----- INFORMATION SHOWN -----

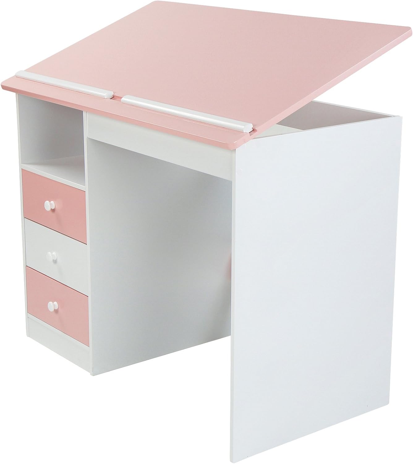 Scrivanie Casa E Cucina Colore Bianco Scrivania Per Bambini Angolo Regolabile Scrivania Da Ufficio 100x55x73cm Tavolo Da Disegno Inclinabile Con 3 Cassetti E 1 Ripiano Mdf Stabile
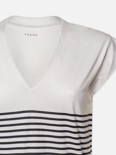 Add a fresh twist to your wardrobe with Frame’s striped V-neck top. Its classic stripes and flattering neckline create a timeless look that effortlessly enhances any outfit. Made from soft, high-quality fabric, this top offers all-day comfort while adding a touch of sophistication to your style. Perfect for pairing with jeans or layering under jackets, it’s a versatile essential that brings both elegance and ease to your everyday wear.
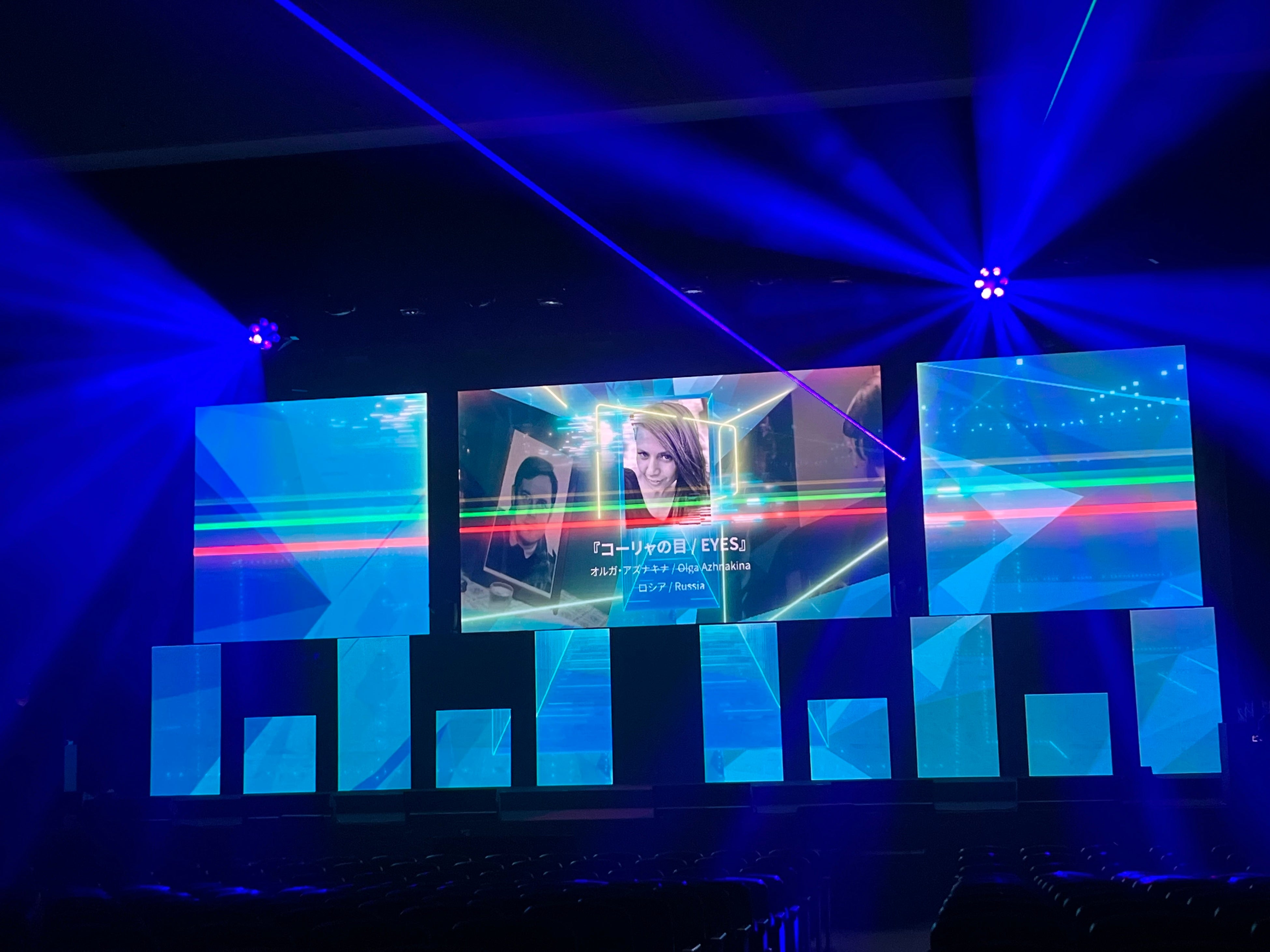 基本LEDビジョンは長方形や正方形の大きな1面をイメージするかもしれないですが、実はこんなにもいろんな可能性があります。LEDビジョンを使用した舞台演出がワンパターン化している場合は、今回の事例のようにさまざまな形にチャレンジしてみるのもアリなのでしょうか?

-----
----- INFORMATION SHOWN -----

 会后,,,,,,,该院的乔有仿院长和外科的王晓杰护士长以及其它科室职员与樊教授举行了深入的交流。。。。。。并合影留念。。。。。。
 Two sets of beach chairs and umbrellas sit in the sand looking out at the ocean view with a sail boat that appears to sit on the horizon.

-----

## WHAT TO DO
Respond with the exact lines above running from the one containing "Scrivanie Casa E" to the one containing "基本LEDビジョンは長方形や", both ends kept and no pictures included.

## SOLVED EXERCISE
 Scrivanie Casa E Cucina Colore Bianco Scrivania Per Bambini Angolo Regolabile Scrivania Da Ufficio 100x55x73cm Tavolo Da Disegno Inclinabile Con 3 Cassetti E 1 Ripiano Mdf Stabile
 Add a fresh twist to your wardrobe with Frame’s striped V-neck top. Its classic stripes and flattering neckline create a timeless look that effortlessly enhances any outfit. Made from soft, high-quality fabric, this top offers all-day comfort while adding a touch of sophistication to your style. Perfect for pairing with jeans or layering under jackets, it’s a versatile essential that brings both elegance and ease to your everyday wear.
 基本LEDビジョンは長方形や正方形の大きな1面をイメージするかもしれないですが、実はこんなにもいろんな可能性があります。LEDビジョンを使用した舞台演出がワンパターン化している場合は、今回の事例のようにさまざまな形にチャレンジしてみるのもアリなのでしょうか?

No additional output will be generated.